The Sterlings’ words and actions matter because they are not just eccentric millionaires but established business owners whose decisions help determine opportunities and life outcomes for a large number of Americans. Bias in those decisions in not acceptable.

Fifty years ago this summer, Congress adopted the Civil Rights Act of 1964, the first anti-discrimination law with any teeth since the end of Reconstruction. Before the ’64 Act, business owners around the country could and did exclude, segregate, and mistreat employees and customers based on personal prejudices and community biases in the North, as well as Jim Crow segregation laws in the South.

From lunch counters to entertainment venues, people of color were often unwelcome—and subject to violent expulsion—at public accommodations.
Not only was this conduct legal in most parts of the country, but there was not yet a clear national consensus that it was wrong.  Discrimination by business owners was similarly prevalent, and accepted at workplaces, which is why the ’64 Civil Rights Act also outlawed employment discrimination based on race, ethnicity, and gender.

The ’64 Act was the result of courageous protest and moral leadership by activists and everyday Americans.  It was followed by the Voting Rights Act of 1965 and the Fair Housing Act of 1968, moving us closer to the Constitutional promise of equal protection under the laws, and the societal value of equal opportunity for all.

These laws heralded a monumental shift in our nation’s values and in the way we think about businesses’ role in society.  They established the principle that what you look like and where you come from should have no bearing on your ability to purchase goods and services, compete for jobs, rent or own a home, or attend a sporting event.
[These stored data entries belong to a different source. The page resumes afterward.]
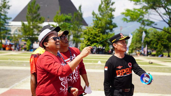 Bupati Dony Ahmad Munir, Wakil Bupati Erwan Setiawan dan Kapolres Indra Setiawan tampak asyik main layang-layang setelah sebelumnya mengikuti tarik tambang bersama perwakilan unsur Forkopimda.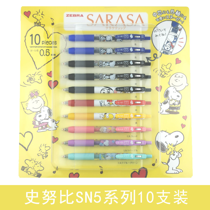 日本ZEBRA斑马JJ15限定款中性笔套装蜡笔小新皮卡丘学生考试动漫史努比卡通按动彩色黑色水笔套装0.5/0.4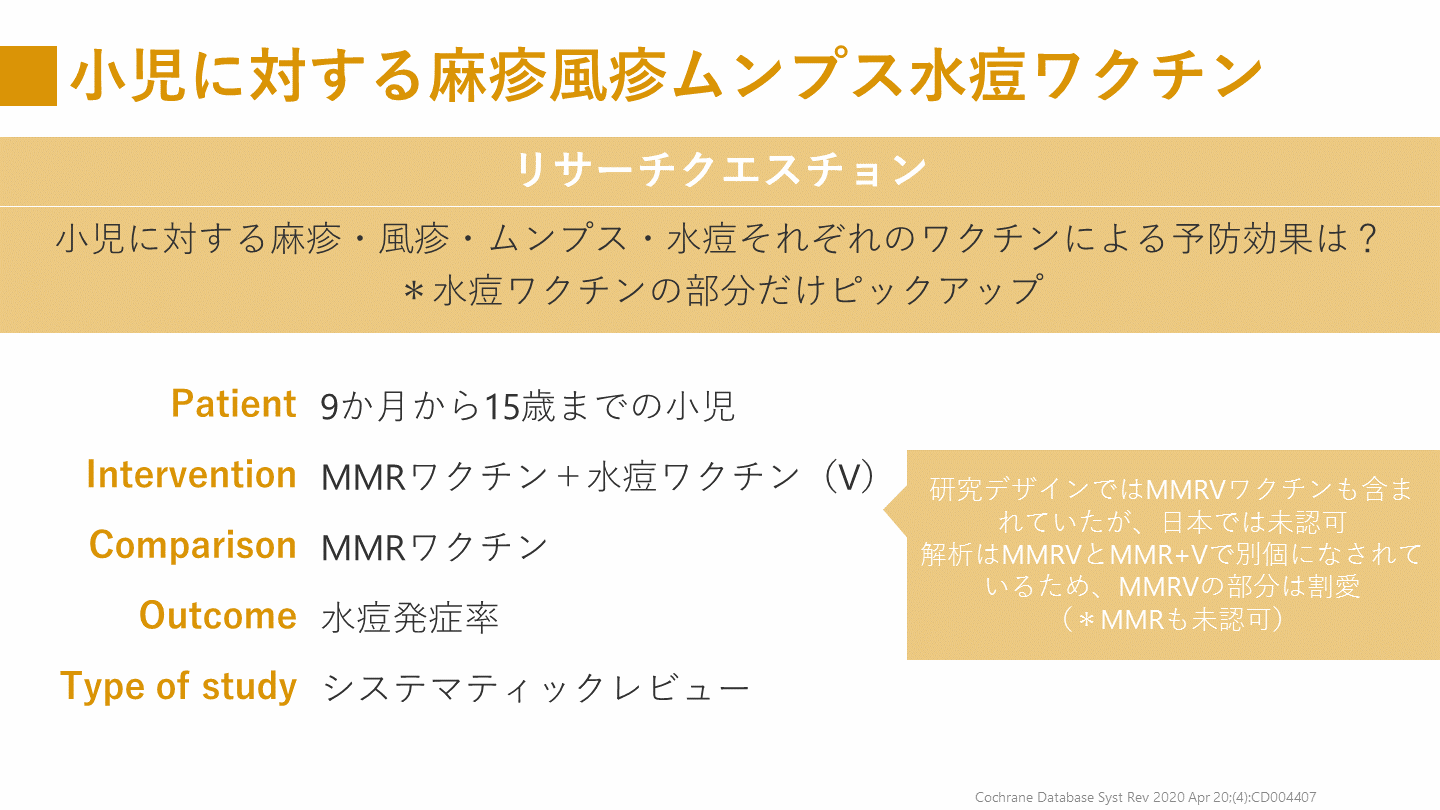 #22. 小児に対する麻疹風疹ムンプス水痘ワクチン Cochrane Database Syst Rev 2020 Apr 20;(4):CD004407 Patient 9か月から15歳までの小児 リサーチクエスチョン Intervention MMRワクチン+水痘ワクチン(V) Comparison MMRワクチン Outcome 水痘発症率 Type of study システマティックレビュー 小児に対する麻疹・風疹・ムンプス・水痘それぞれのワクチンによる予防効果は?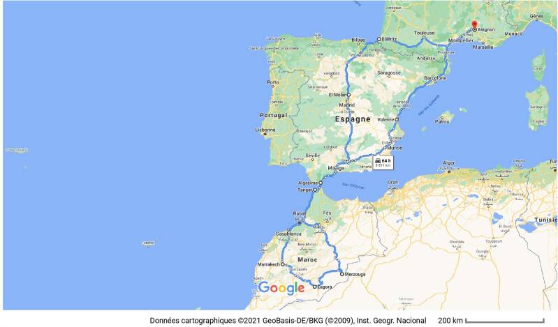 Le parcours d'environ 6000 km, traverse la France, l'Espagne et le Maroc. Le village départ a lieu à Biarritz, puis les équipages traversent librement l'Espagne jusqu'à Algésiras et prennent le ferry pour le Maroc, où les épreuves du raid commencent.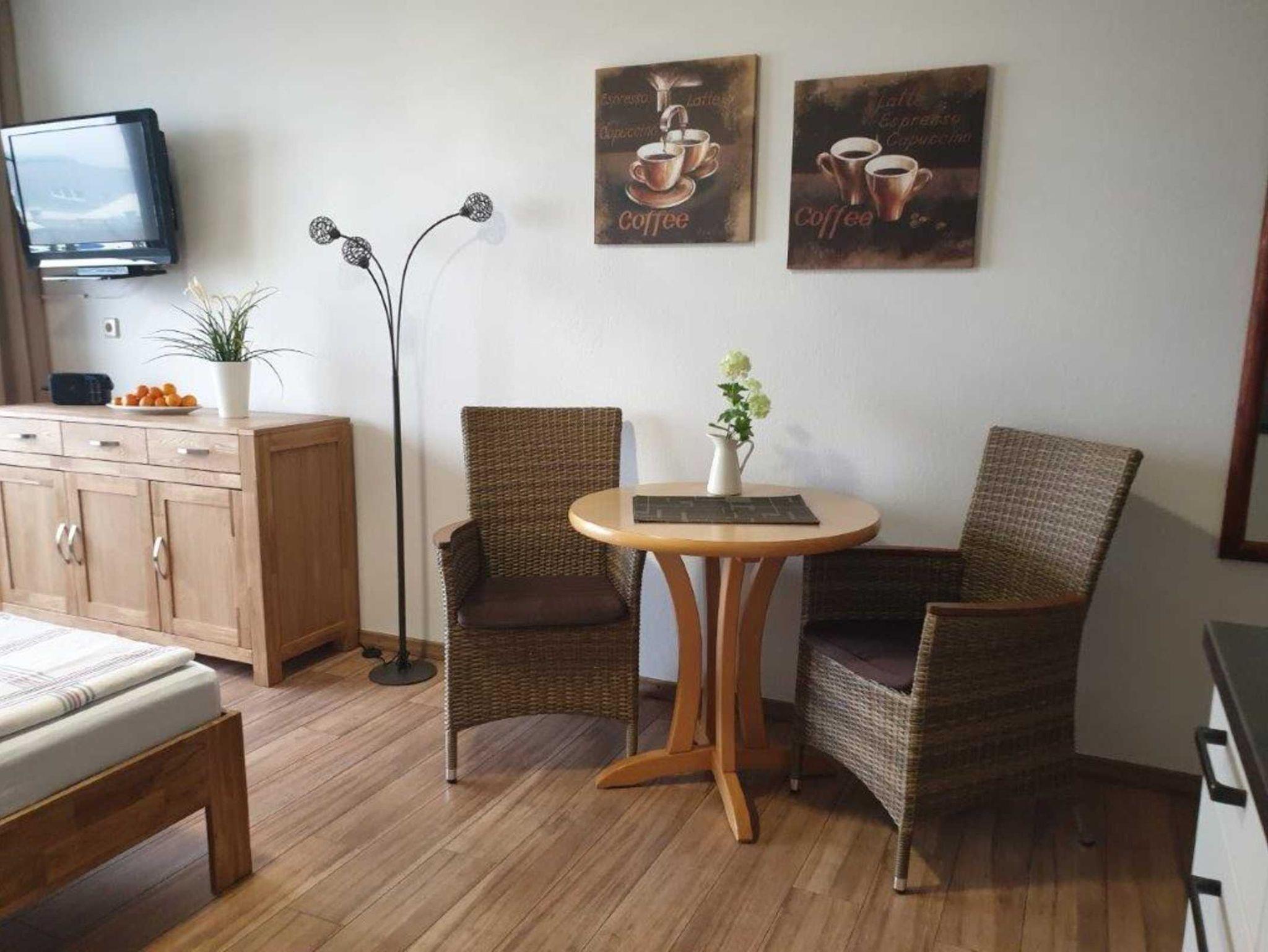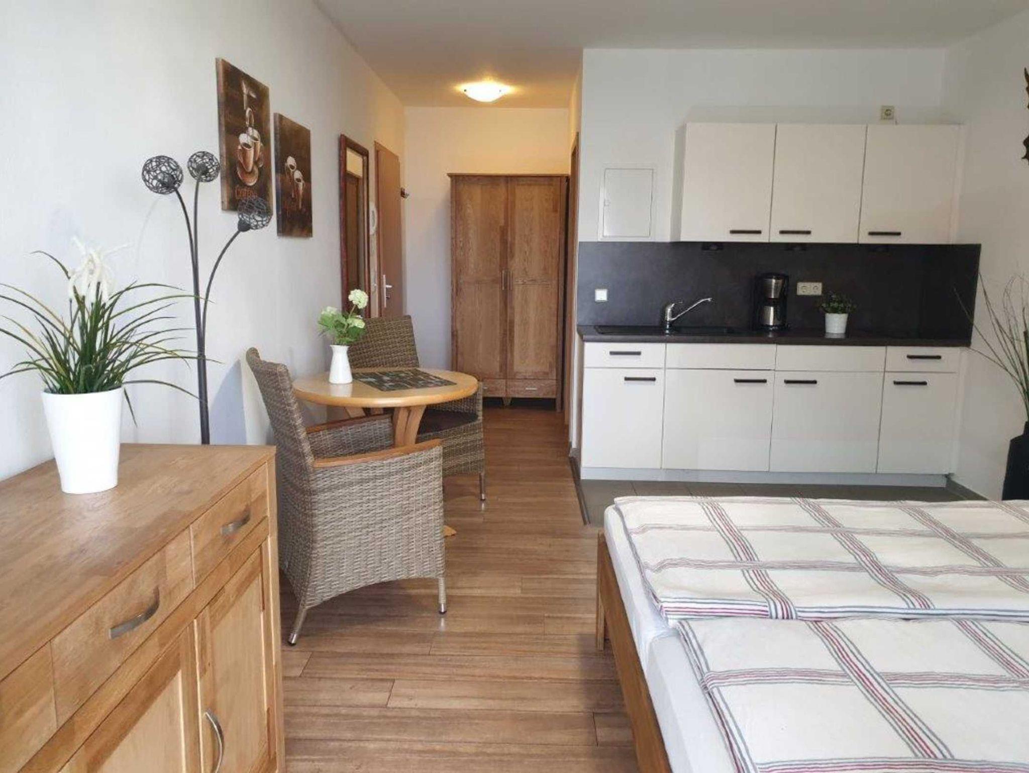 Einrichtung entspricht nicht mehr dem heute üblichen Standard. Schrank, Nachttische, Stühle, Tisch und Beleuchtung gehören auf den Sperrmüll, WLAN und Spülmaschine fehlen!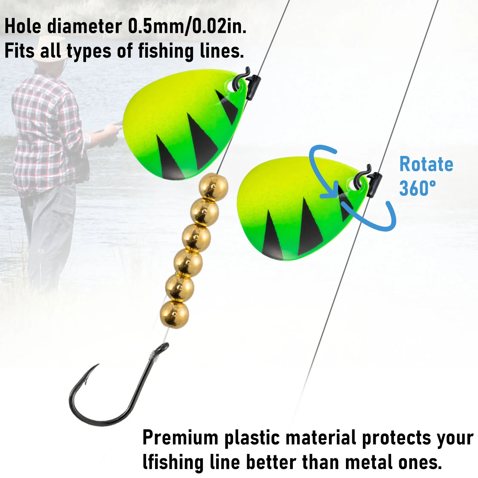 Diámetro del agujero 0.039 "/1mm.Se adapta a todo tipo de sedales. El material plástico de primera calidad protege su pesca mejor que los metálicos.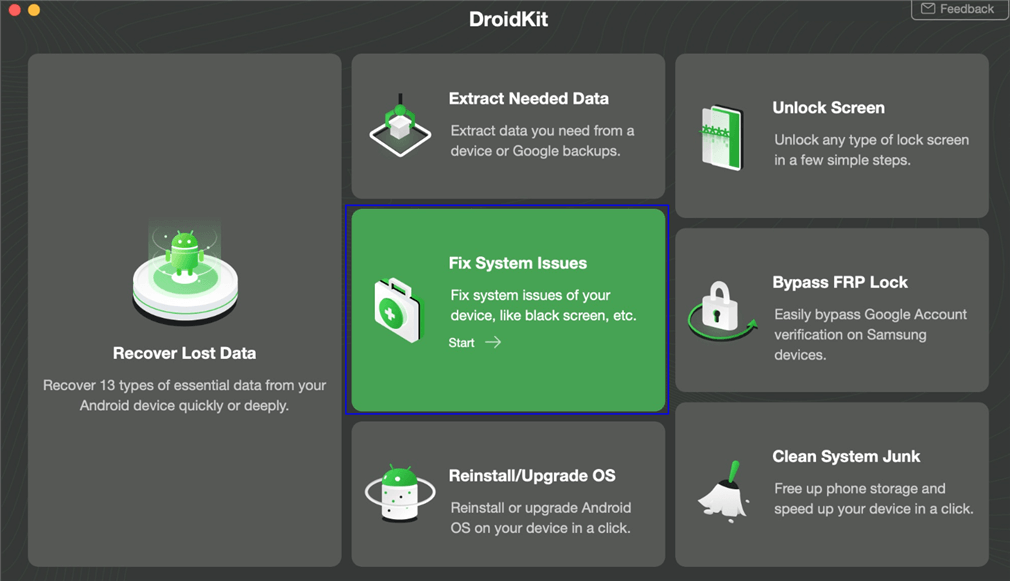 Geräte, bei denen das Android-Firmware-Update hängen bleibt, können darauf zurückzuführen sein, dass der Bootloader nicht funktioniert. Der Vorteil besteht darin, dass es beim Ausprobieren von DroidKit keine irreversiblen oder nicht behebbaren Probleme auf der Android-Plattform gibt.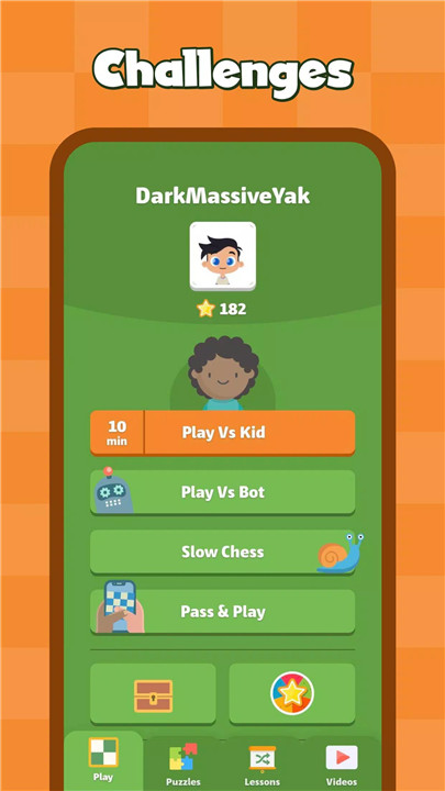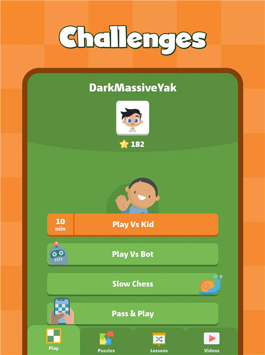 ChessKid lets kids play unlimited chess games online for free. Join tournaments to compete against players worldwide, or challenge friends to play. Play with kids from all over the world or go head-to-head with our humorous chess bots for a fun and challenging experience.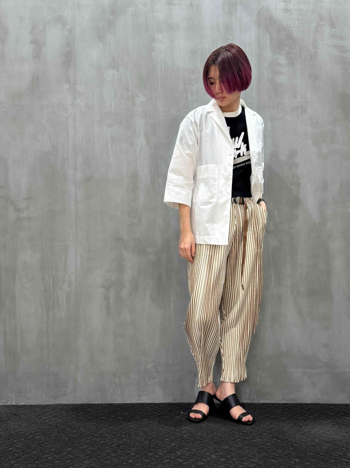 スタッフM:サイズ2着用→薄手の生地なのにヒップラインが気にならないシルエットで着やすいです。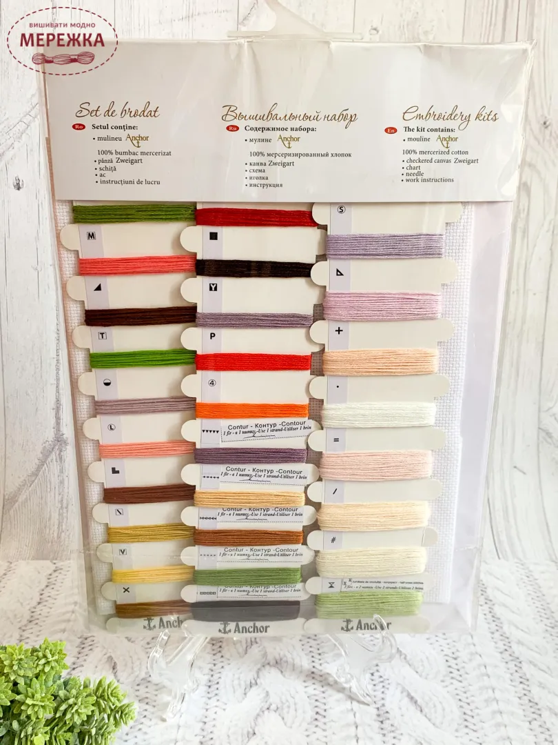 В наборах тканина Zweigart, муліне Anchor.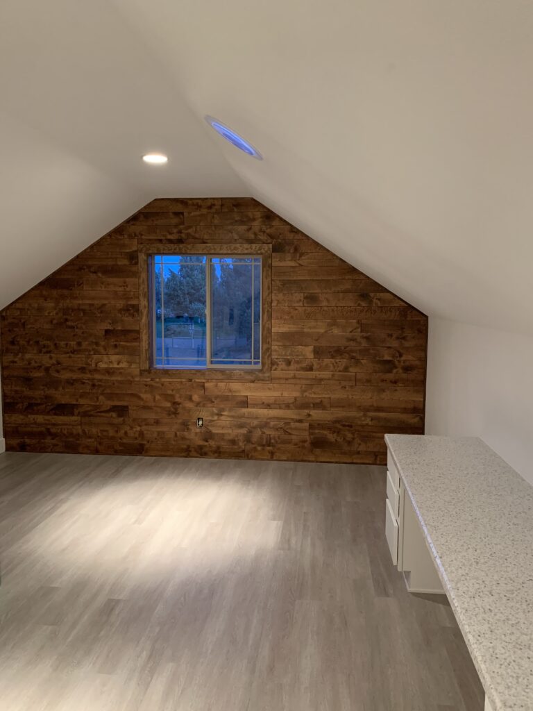 Here we created extra living space by remodeling the attic area to be a spacious and comfortable guest room.
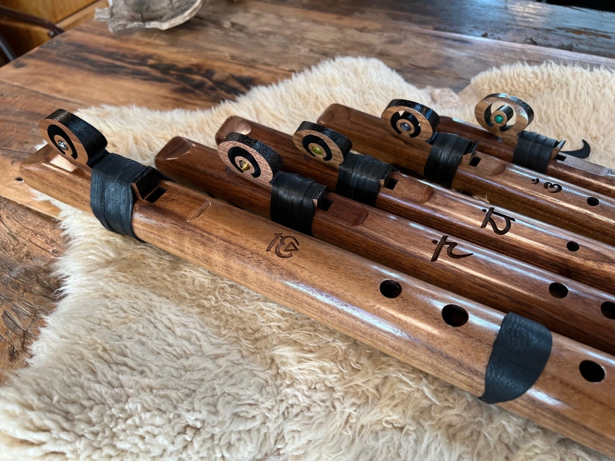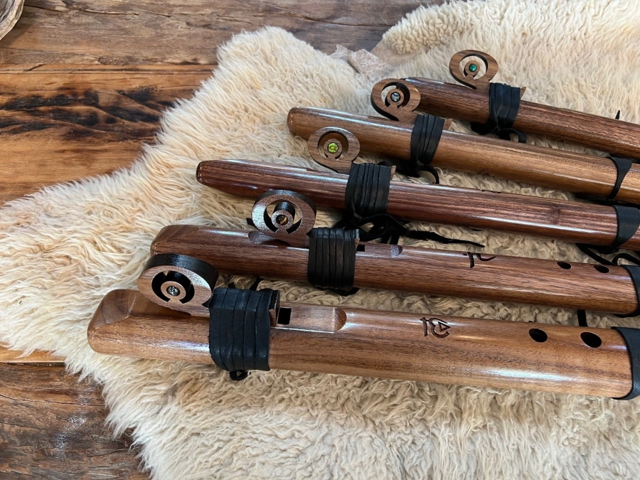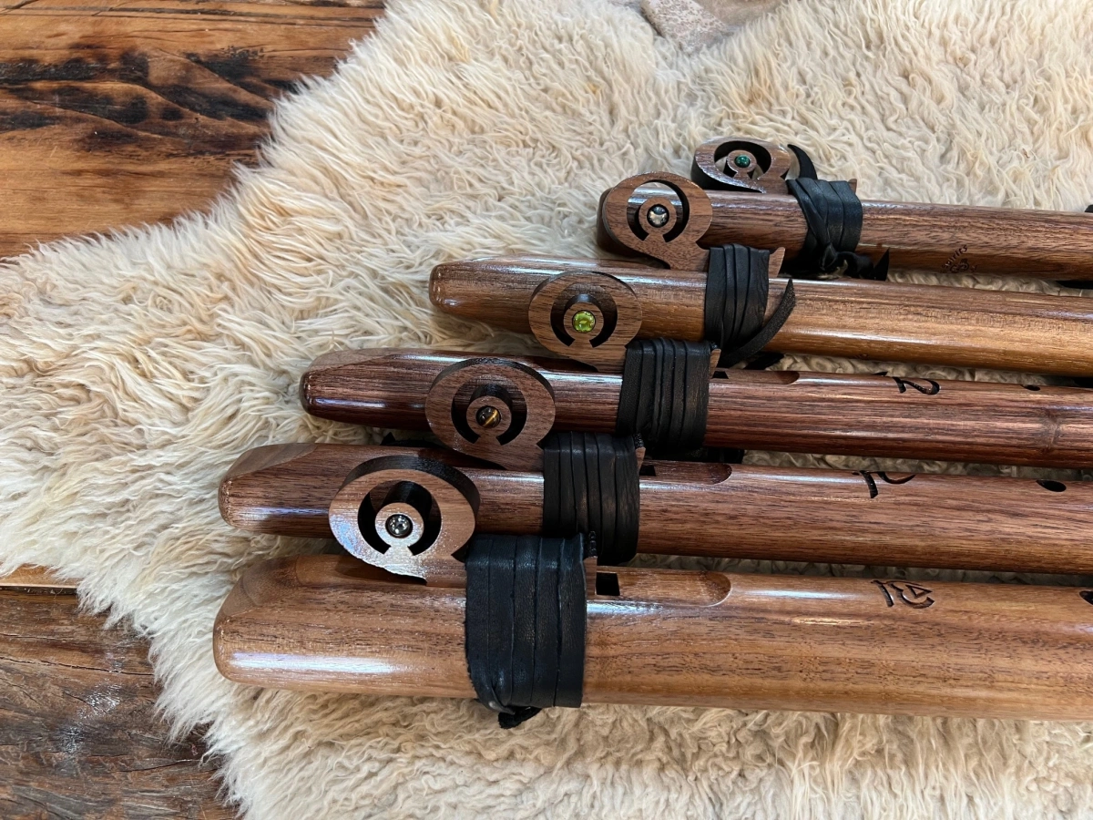 Ob Du mit den hellen Tönen Leichtigkeit in Deinen Raum bringst oder mit den tiefen Bassflöten eine meditative Atmosphäre erschaffst – jede dieser Walnussflöten trägt den warmen, klaren Klangcharakter in sich und lädt Dich ein, Deine eigene Klanggeschichte zu weben.

By many accounts, the Sterlings have repeatedly violated those American principles, and that’s why their bigotry warrants our attention.  Not only did Donald Sterling make racist and ignorant remarks in phone conversations, and later on television; the Sterlings have also had to settle at least two Fair Housing lawsuits charging extensive and disturbing racial discrimination in their real estate dealings.

According to the complaints, the discrimination included Donald Sterling instructing his staff that he did not like African-American and Latino tenants and that he wanted his staff to rent only to Korean-Americans; failing to perform repairs and maintenance when requested by Black and Latino tenants; requiring Black and Latino tenants to sign into the building as “visitors” and refusing to accept rent from Black and Latino tenants, then using “failure to pay rent” as a pretext for eviction. Shelly Sterling had an active and ugly role in the discrimination, according to one of the complaints, falsely posing as a health inspector and recording the race of tenants during sham inspections.

Despite our nation’s progress toward equal opportunity, this type of conduct still occurs far too frequently in cities and towns around the country. A study last year by the U.S. Department of Housing and Urban Development, for example, found that African-American, Latino, and Asian American renters were shown significantly fewer units by real estate agents than were identically qualified white renters. And as the National Fair Housing Alliance has noted, federal law does not even prohibit housing discrimination based on sexual orientation or identity.

Housing discrimination, moreover, has profound ripple effects. Where a family lives governs access to quality schools, jobs, and a healthy environment. Neither hurtful stereotypes nor arbitrary policies should block these pathways to opportunity.

To be clear, the Sterlings settled the lawsuits against them for large sums without admitting liability. And the surreptitious phone conversation, not the housing discrimination litigation, was the stated evidence for the NBA’s decision to ban the Sterlings. But the revelations did not happen in a vacuum; many of those who have worked with Mr. Sterling have expressed no surprise about his bigoted views or comments—indeed, one must wonder why the housing lawsuits did not trigger at least an investigation by the NBA much sooner.

It appears that the future of the Sterlings’ ownership of the Clippers will be fought out in the courts. And it will likely be the NBA constitution, not the U.S. Constitution or civil rights laws, that determines the outcome.  But those laws and the struggle that produced them should remain top of mind as this dispute moves forward. They elevated the human rights of all Americans and redefined the responsibility of business to respect them. Our nation is the better for them.